To me, a solution pack module is like the blueprint used to set up a digital object factory in Islandora city™. The module specifies what objects to produce, how they should look and what data types and packages are associated with an object. This is all done the programming languages understood by Drupal and Islandora.

When it is installed, the Living Research Lab solution pack designed for the DSU creates 5 collections (Births, Mice, Protocols, Publications, Experiments) that is used to manage and add objects.  The objects in each collection are ingested using specially designed forms in Darwin Core Standard (Mouse, Birth, Protocol, Experiment, Publication, and Data Session). What I've done is a really basic setup.  You can and should add hooks and configure so much more to streamline the way your data is ingested, processed and accessed.

The github link for the Living Research Lab Solution Pack can be found here:

I should note that so far module works well in development mode, but it is in definite need of debugging and refining before it can actually be used in a production environment.

It began with XML

In one of our projects we needed to build custom XML forms to store metadata in Islandora. We soon realized that customization would be really important in order to automate some of the actions and to improve usability. Building a solution pack was the next logical step to explore customization.

Tips to get started

  • Look at other solution packs! When you're starting with nothing, it helps to look at something. What I did was look at simple examples, going through and breaking down the code line by line, and trying to trace the lines in the code and when each step is called in Islandora.
  • Draw. Creating diagrams made it easier for me to make connections between different the little parts that contribute to the module's functionality

What I used*

Update 2014-09-11 - other useful resources:

The start of something

The first step I took to understand module building was to create map to see where and how variables and files were being referenced. What I soon discovered is that most files, functions and variables are initially called from the .module file. The .module file is the main file that contains the configuration and hooks and variables. It's in there where you add hooks, and where you wield a lot of power in if you know what you're doing.

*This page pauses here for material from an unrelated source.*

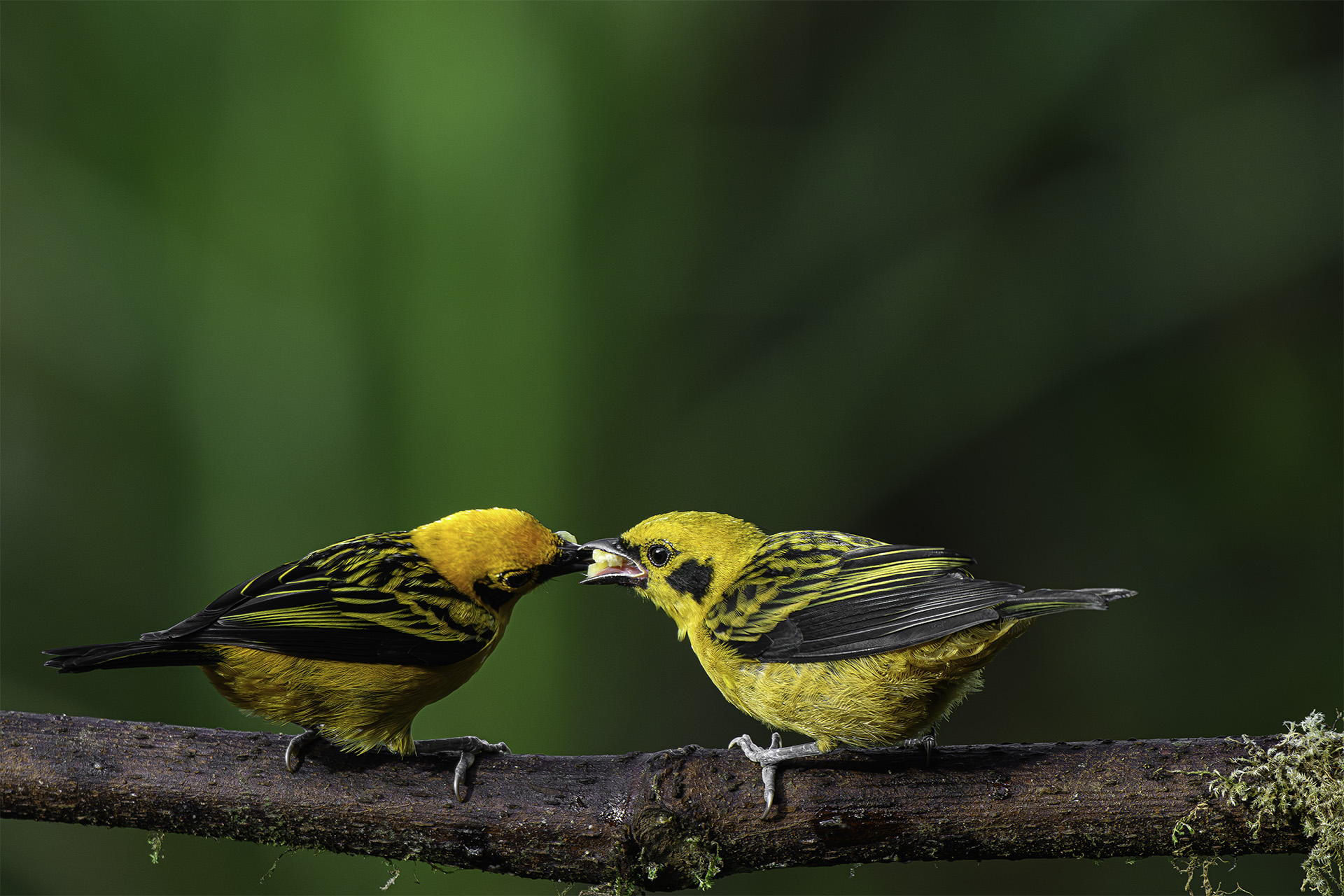 Cat Stevens once sang, “Oh, baby, baby, it’s a wild world.” More than fifty years later, it’s still a wild world. It’s been wild here in Ecuador with all of the amazing birds we’ve seen so far. Cat’s lyrics came to mind the other day when we saw a fledgling Golden Tanager begging for food from its parent, who obliged, feeding it some banana that was gleaned from one of the feeding stations located in areas around Sachamatia Lodge. Although the young bird, on the right, looks almost identical to its parent, to me its exaggerated “Walt Disney beak” was the giveaway. This young bird will face the wild world soon enough, but for now, it is being cared for by a caring parent.

The map below is a neater version to my original sketch.  It lists all of the hooks from the .module file and what files they refer to.  It also shows what component it affects in the Islandora system architecture.

Here are my original notes that went with the map when I was going through the Islandora Porcus module. I wrote out the names of all of the files contained in the module and within those files I wrote out all of the function names and tried to figure out what they did:

  1. islandora_porcus.install > install and uninstall the module under Modules, module_load_include draws from islandora modules usually .inc
  2. islandora_porcus.module > everything comes together > SEE BELOW
  3. > info under Modules
  4. ./css/slandora_porcus.css > for Object View Page called from .tpl.php
  5. ./images/piggie.png > for Object View Page, called from
  6. ./includes/ > SEE BELOW
  7. > upload form
  8. > admin config page when you go to Islandora > Click on Module
  9. ./js/islandora_porcus.js > for Object View Page from .tpl.php
  10. ./theme/islandora-porcus.tpl.php > Object View Page, when you create a new object this is what appears
  11. ./xml/islandora_porcus_form_mods.xml > the form!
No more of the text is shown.